<<<<

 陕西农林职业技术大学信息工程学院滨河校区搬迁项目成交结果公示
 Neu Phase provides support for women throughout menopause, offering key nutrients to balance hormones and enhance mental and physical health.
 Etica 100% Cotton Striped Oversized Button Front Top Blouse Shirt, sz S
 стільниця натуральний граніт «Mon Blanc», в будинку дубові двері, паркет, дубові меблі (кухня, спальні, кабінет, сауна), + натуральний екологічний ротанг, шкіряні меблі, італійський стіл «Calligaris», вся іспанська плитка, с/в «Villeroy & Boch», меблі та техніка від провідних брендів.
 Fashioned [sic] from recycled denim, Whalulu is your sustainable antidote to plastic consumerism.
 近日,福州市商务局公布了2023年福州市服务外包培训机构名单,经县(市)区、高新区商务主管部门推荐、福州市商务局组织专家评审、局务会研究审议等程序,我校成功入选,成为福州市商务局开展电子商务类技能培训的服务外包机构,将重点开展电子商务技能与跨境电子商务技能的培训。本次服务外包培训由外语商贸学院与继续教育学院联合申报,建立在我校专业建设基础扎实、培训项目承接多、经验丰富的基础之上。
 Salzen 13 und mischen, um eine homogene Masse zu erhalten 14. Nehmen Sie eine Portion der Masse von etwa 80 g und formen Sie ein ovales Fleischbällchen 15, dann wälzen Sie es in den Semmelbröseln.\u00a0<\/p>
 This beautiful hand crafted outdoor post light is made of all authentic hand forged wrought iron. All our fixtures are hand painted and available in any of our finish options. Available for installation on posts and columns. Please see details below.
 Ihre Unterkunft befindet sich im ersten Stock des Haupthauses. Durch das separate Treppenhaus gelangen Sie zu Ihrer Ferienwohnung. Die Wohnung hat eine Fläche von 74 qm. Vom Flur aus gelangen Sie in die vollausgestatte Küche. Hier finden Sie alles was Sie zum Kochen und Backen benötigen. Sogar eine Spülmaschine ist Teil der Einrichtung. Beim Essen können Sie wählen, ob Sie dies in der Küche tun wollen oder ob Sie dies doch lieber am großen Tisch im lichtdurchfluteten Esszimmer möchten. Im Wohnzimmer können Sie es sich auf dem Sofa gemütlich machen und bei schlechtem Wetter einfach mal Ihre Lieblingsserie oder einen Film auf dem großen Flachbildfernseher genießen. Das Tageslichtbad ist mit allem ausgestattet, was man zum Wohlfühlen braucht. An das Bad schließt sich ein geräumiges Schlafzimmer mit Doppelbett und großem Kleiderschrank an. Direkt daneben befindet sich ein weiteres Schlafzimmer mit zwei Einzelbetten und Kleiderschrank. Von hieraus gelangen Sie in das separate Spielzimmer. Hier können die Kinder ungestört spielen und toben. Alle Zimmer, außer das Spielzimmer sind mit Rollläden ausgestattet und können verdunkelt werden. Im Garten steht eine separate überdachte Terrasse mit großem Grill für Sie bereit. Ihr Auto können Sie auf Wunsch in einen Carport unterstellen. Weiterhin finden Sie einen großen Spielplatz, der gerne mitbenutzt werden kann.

>>>>
<<<<

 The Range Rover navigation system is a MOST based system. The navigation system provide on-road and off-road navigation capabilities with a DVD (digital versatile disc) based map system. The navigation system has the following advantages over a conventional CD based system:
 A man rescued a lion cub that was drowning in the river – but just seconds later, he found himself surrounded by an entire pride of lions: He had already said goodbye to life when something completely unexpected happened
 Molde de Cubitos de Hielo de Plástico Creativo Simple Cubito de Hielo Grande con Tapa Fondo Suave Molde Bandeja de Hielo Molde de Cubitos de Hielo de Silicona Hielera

>>>>
<<<<

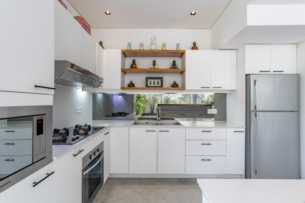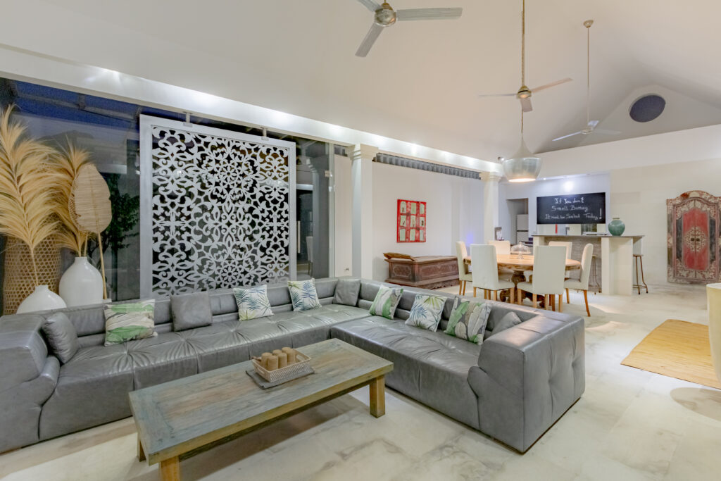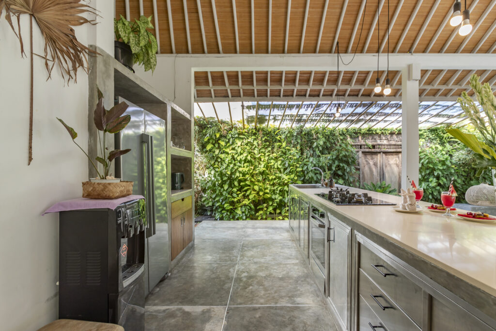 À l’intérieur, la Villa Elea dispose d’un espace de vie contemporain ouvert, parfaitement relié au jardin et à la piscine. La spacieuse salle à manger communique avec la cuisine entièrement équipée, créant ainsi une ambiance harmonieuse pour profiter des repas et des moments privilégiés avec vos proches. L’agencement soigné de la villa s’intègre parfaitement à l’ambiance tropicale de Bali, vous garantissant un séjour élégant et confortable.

>>>>

Requirement: Retype the entries above exactly, but only from the line containing "陕西农林职业技术大学信息工程学院滨河校区搬迁项目成交结果公示" through the line containing "Fashioned [sic] from", both included.

Response area:
 陕西农林职业技术大学信息工程学院滨河校区搬迁项目成交结果公示
 Neu Phase provides support for women throughout menopause, offering key nutrients to balance hormones and enhance mental and physical health.
 Etica 100% Cotton Striped Oversized Button Front Top Blouse Shirt, sz S
 стільниця натуральний граніт «Mon Blanc», в будинку дубові двері, паркет, дубові меблі (кухня, спальні, кабінет, сауна), + натуральний екологічний ротанг, шкіряні меблі, італійський стіл «Calligaris», вся іспанська плитка, с/в «Villeroy & Boch», меблі та техніка від провідних брендів.
 Fashioned [sic] from recycled denim, Whalulu is your sustainable antidote to plastic consumerism.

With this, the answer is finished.